The confidentiality obligation owed by the lawyer must extend throughout the cloud service provider’s organization (and to any third parties working on the cloud service provider’s behalf). Critically, the cloud services provider (and the lawyer) must continuously make employees aware of the importance of protecting information through ongoing training and awareness efforts:
Make clear in its contractual arrangements with the customer that it will a) reject requests for personal information that are not legally binding; b) consult the customer when legally permissible before making any disclosure of personal information; and c) accept any requests for disclosures of personal information authorized by the customer.
Notify the customer of any request for disclosure of personal information by a law enforcement authority unless that disclosure is otherwise prohibited;…
The lawyer should ensure that the cloud services agreement specifically addresses the process for responding to subpoenas or other requests for disclosure of client information, and allow the lawyer to retain as much control over that process as possible:
Provide independent evidence that the cloud services provider has implemented information security in accordance with its contractual obligations.

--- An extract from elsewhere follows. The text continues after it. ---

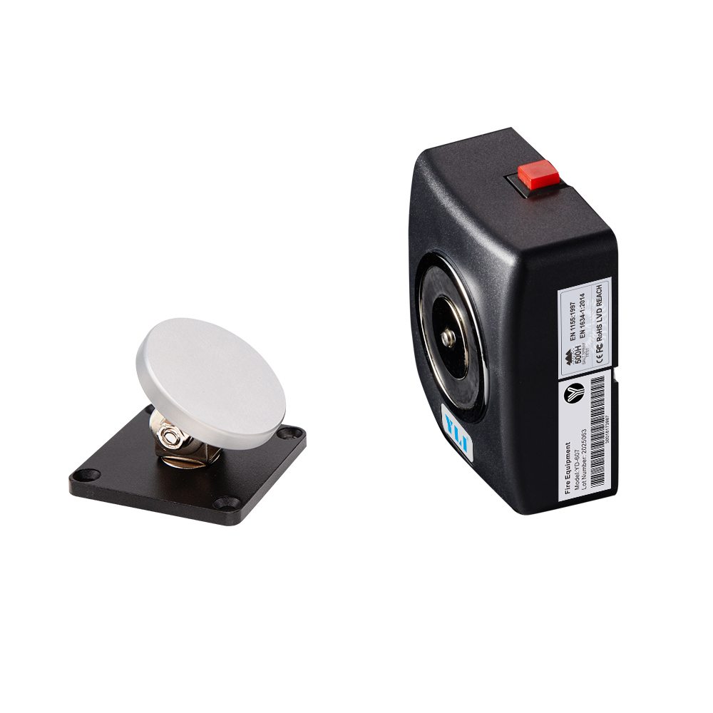 YD-607是一款防火塑料外殼電磁門(mén)吸,電磁門(mén)吸可單獨(dú)使用或與消防系統(tǒng)一起使用,電磁 門(mén)吸的電源是由消防系統(tǒng)供電(DC12或24V)。日常各區(qū)域之間的消防通道防火門(mén)由電磁門(mén)吸吸住門(mén)扇保持開(kāi)門(mén)狀態(tài),當(dāng)火災(zāi)警報(bào)時(shí)消防系統(tǒng)斷電,電磁門(mén)吸在斷電狀態(tài)下迅速釋放門(mén)扇,防火門(mén)由閉門(mén)器自動(dòng)關(guān)閉,有效阻擋火勢(shì)與煙霧蔓延到另外區(qū)域。本產(chǎn)品廣泛應(yīng)用在商場(chǎng),酒店,寫(xiě)字樓,醫(yī) 院、學(xué)校、或是公共建筑等。意林電磁門(mén)吸專業(yè)殘磁設(shè)計(jì)0.5秒消磁釋放門(mén)扇,系列產(chǎn)品通過(guò)歐盟EN1634.3小時(shí)防火認(rèn)證及國(guó)家實(shí)驗(yàn)室500小時(shí)鹽露測(cè)試,更安全,更持久耐用,是市場(chǎng)上少有合規(guī)產(chǎn)品。

Not every lawyer can conduct a compliance audit of a cloud services firm, but a cloud services provider can verify its security processes throughout the life of the cloud services agreement:
Notify the customer promptly of any unauthorized access to personal information or loss, disclosure or alteration of personal information.
Help the customer meet its obligations in the event of a data breach.
In the event that client or personal information is disclosed without authorization, the lawyer needs to know as soon as possible in order to notify any affected person and to take any additional actions as may be required by law:
Implement a policy for the return, transfer, and disposal of personal information and make that policy available to the customer.
Finally, the lawyer must have a clear understanding of what happens to information at the close of the contractual relationship, or in the event that the cloud services provider cannot continue to perform its services.
Conclusion
ISO 27018 is one of several references that lawyers may use to build technological competence and assist in undertaking “reasonable efforts” to safeguard client information stored in the cloud.